If there is no garbage collector, another approach is to reference-count the entire hash chain rather than the individual data elements. This works for a fixed-size hash table but falls prey to a similar race condition if the hash table can be resized. In theory, resizing can be handled using a global reference counter covering the entire hash table, but in practice this increases the probability that a continuous stream of concurrent readers would prevent the counter from ever reaching zero. If the counter never reaches zero, data elements removed from the hash table cannot be freed, eventually resulting in failure caused by memory exhaustion.
Furthermore, as shown in figure 2, the atomic increment of a single variable simply does not scale: cross-thread references can be extremely expensive, because electrons are not infinitely fast. If a single thread attempts to increment a variable atomically, the cost on an Intel Xeon Westmere-EX system is about 10 nanoseconds for a single thread, rising to about 2,500 nanoseconds for 64 threads (the change in slope of the line is caused by hardware multithreading). This means that the number of accesses drops from about 100 million for a single thread to about 400,000 on 64 threads. This is not the sort of scalability that Schrödinger requires.
Two methods for addressing these issues are hazard pointers and RCU, which are discussed in the next two sections. Another approach, called proxy collectors (http://atomic-ptr-plus.sourceforge.net/), amortizes the reference-count overhead but falls outside the scope of this article.
The key insight behind hazard pointers is that reference counters can be implemented inside-out. Rather than incrementing an integer associated with a given data element, you instead record a pointer to that data element in a per-thread list of hazard pointers. The number of times a given data element's pointer occurs in the concatenation of these lists is that element's reference count. When a data element is to be freed, the free operation is deferred until there are no hazard pointers referencing it. Free operations are batched to minimize the number of expensive cross-thread references to the hazard pointers17 (independently invented by others10 and available from a number of sources, including http://concurrencykit.org/).
Because hazard pointers are thread-local, they avoid the performance and scalability problems faced by many reference-counter implementations.7 They also avoid the race condition just described, as can be seen in hp_acquire() on lines 1-14 of figure 3. The key points here are the need to allocate a hazard pointer (line 3), the need to avoid the race condition (the reload and check on line 9), and the need to defeat compiler code-motion optimizations. Compiler code motion is addressed by ACCESS_ONCE() on lines 6, 7, and 9, which may be implemented either as volatile casts or as C11/C++11 volatile relaxed atomic loads and stores. Compiler and CPU code motion is addressed by the memory barrier on line 8, which prevents reordering the prior store on line 7 with the subsequent load on line 9 and is thus required even on relatively strongly ordered systems such as x86. The NULL return on line 11 signals the caller that it must restart the hazard-pointer traversal from the beginning. All of this taken together ensures that the updater will have a correct view of the state of the hazard pointers.

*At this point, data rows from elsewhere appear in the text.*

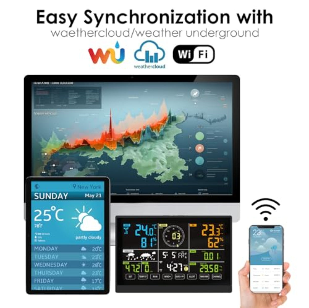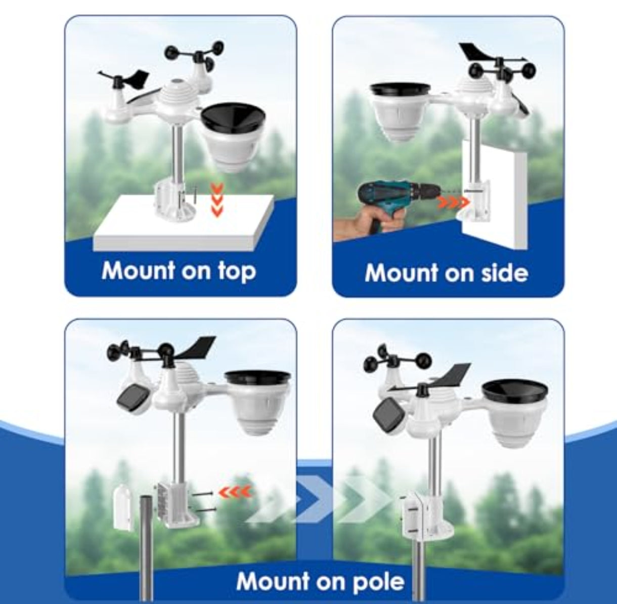 🔹 Natančne meritve s senzorji za veter, padavine, UV, tlak in temperaturo – idealno za ljubitelje vremena ali uporabo doma in na vikendu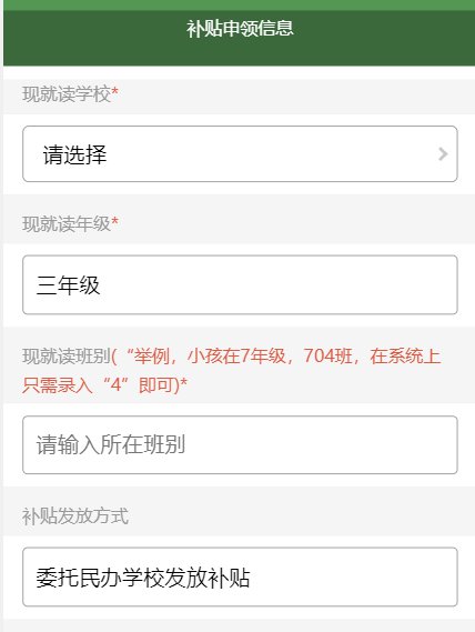 (一)首次申领学位补贴:以前没有申领过学位补贴,本学期首次获得学位补贴资格,请先在系统上填写目前的就读信息。其中“现就读学校”只能选择申请地民办学校,“现就读班别”请录入数字,如1,2,3…..。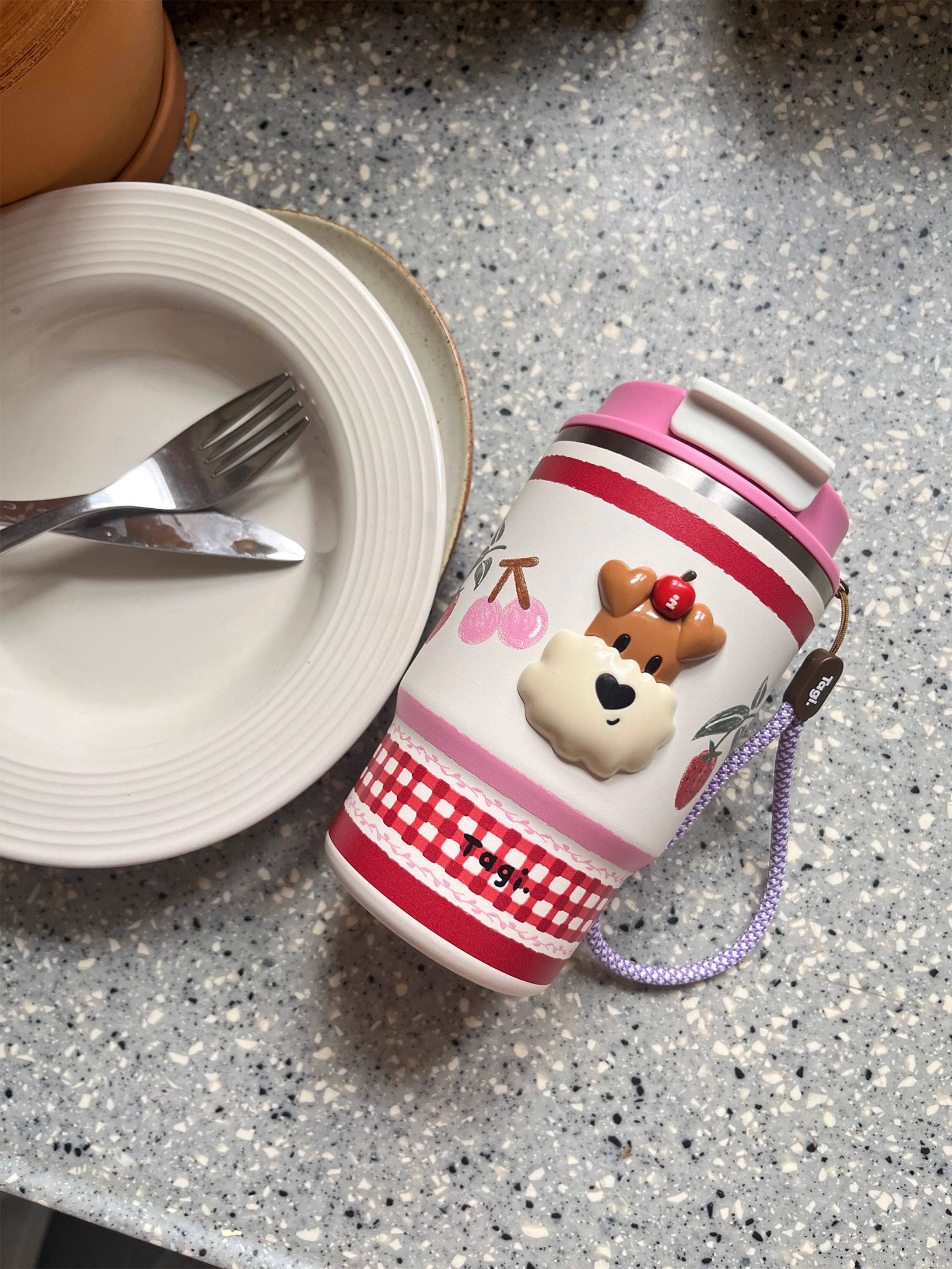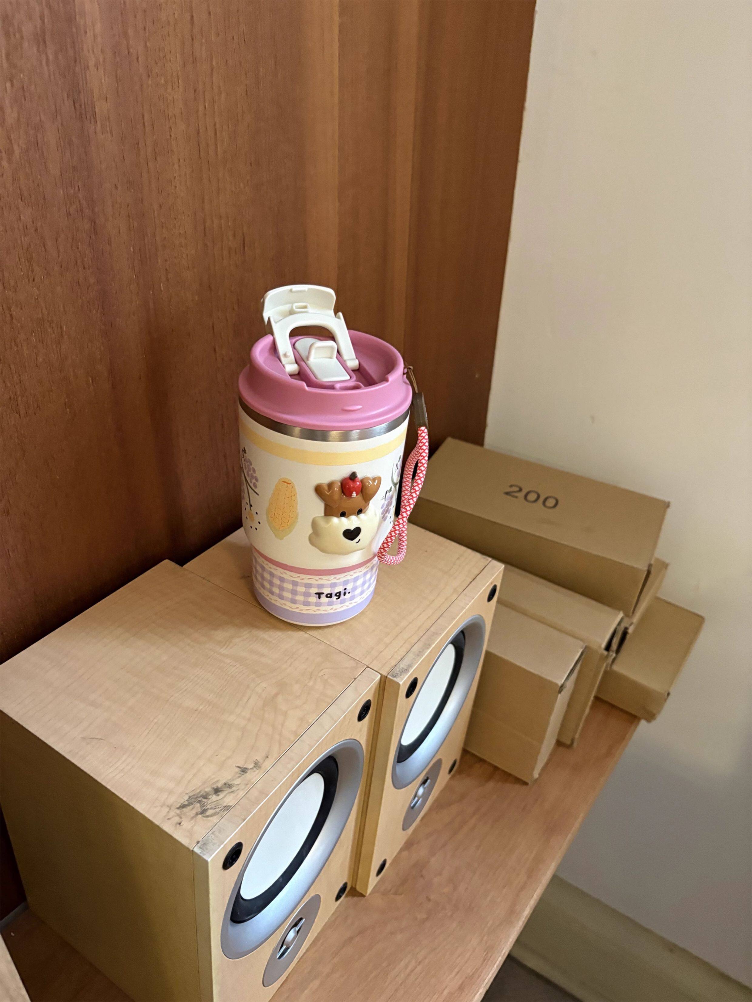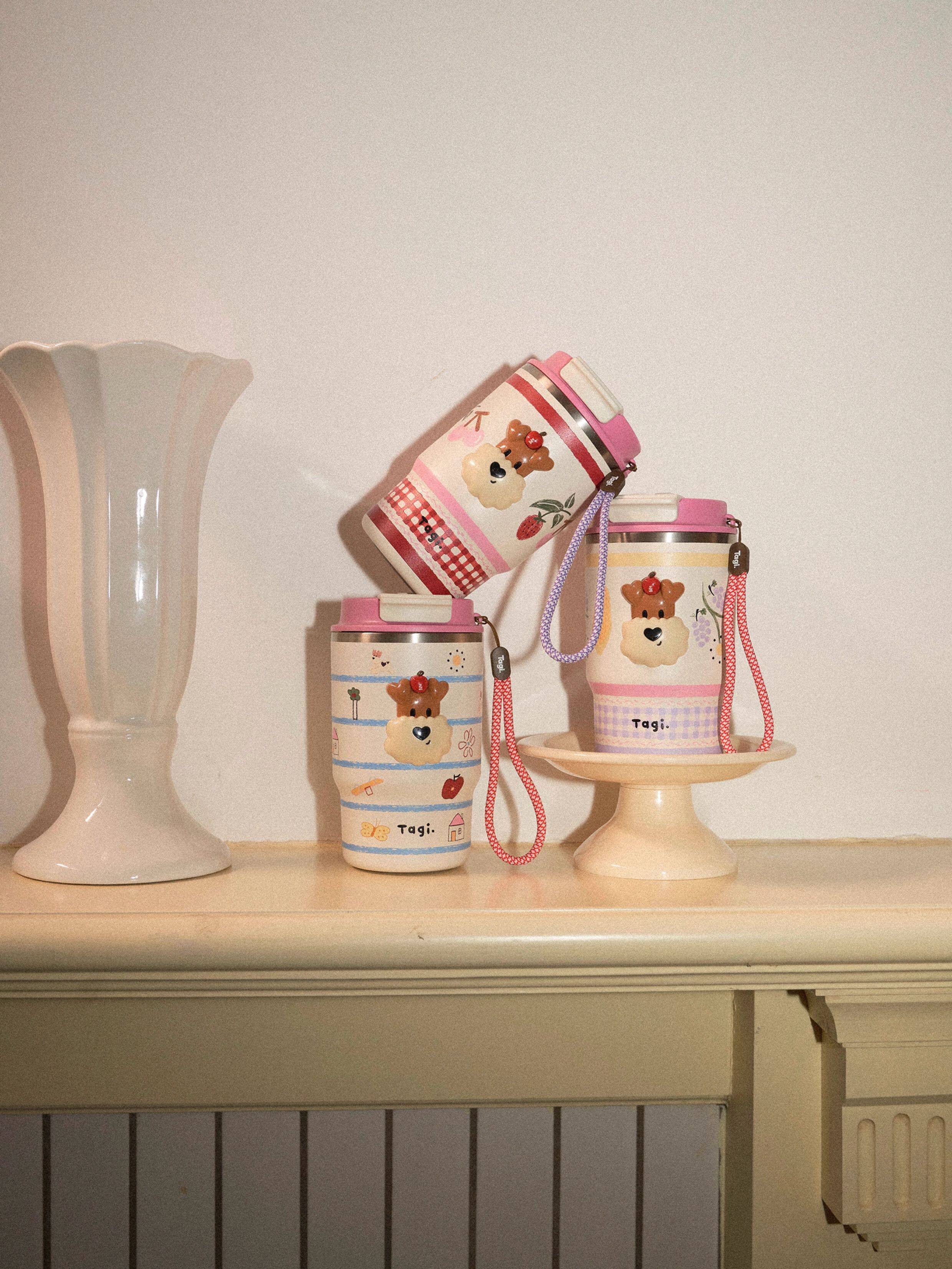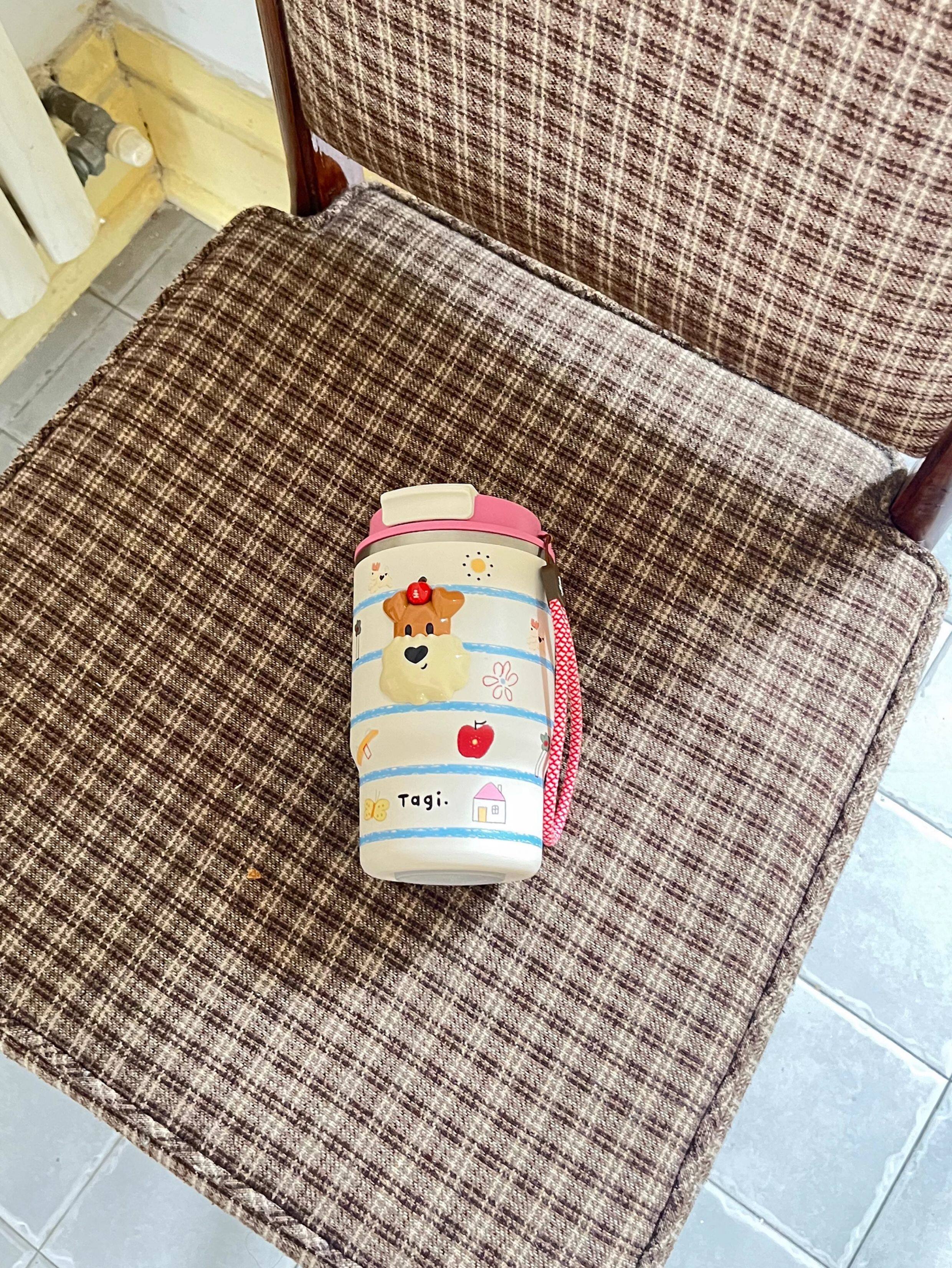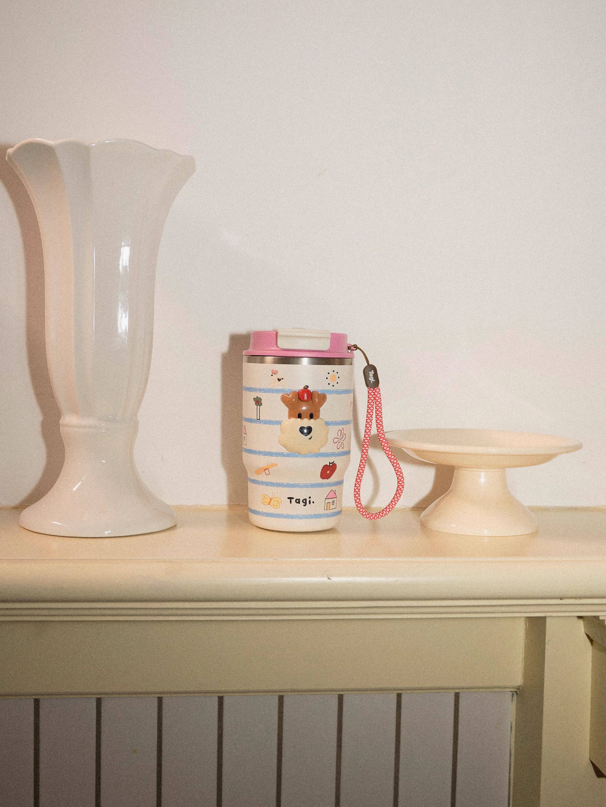 Tagi 爆米花双吸管咖啡保温杯 双饮吸管便携手拎不锈钢随行保冷保温杯随行杯

Releasing a hazard pointer is straightforward: simply set it to NULL, either preceded by a memory barrier or using a C11/C++11 store-release operation; then free it so that it can be reused, as shown in hp_release() on lines 16-21 of figure 3. The hp_release() function's sole argument is the pointer returned by hp_acquire().
Most programs written using explicit reference counters can be easily converted to use hp_acquire() and hp_release(). However, algorithms that require only a fixed number of hazard pointers can allocate them statically, thus avoiding the overhead of hp_alloc()'s and hp_free's dynamic allocation, as shown in hp_record() on lines 23-35 of figure 3. Note that this approach does not release a given hazard pointer until that pointer is reused. In the worst case, this approach prevents a small fixed amount of memory from being freed, which is normally harmless. Although there are algorithms that require unbounded numbers of hazard pointers, simple searches and traversals of many data structures require at most two hazard pointers.
Hazard pointers work extremely well in many situations, but they do have some shortcomings.
• Retries and memory barriers result in degraded performance.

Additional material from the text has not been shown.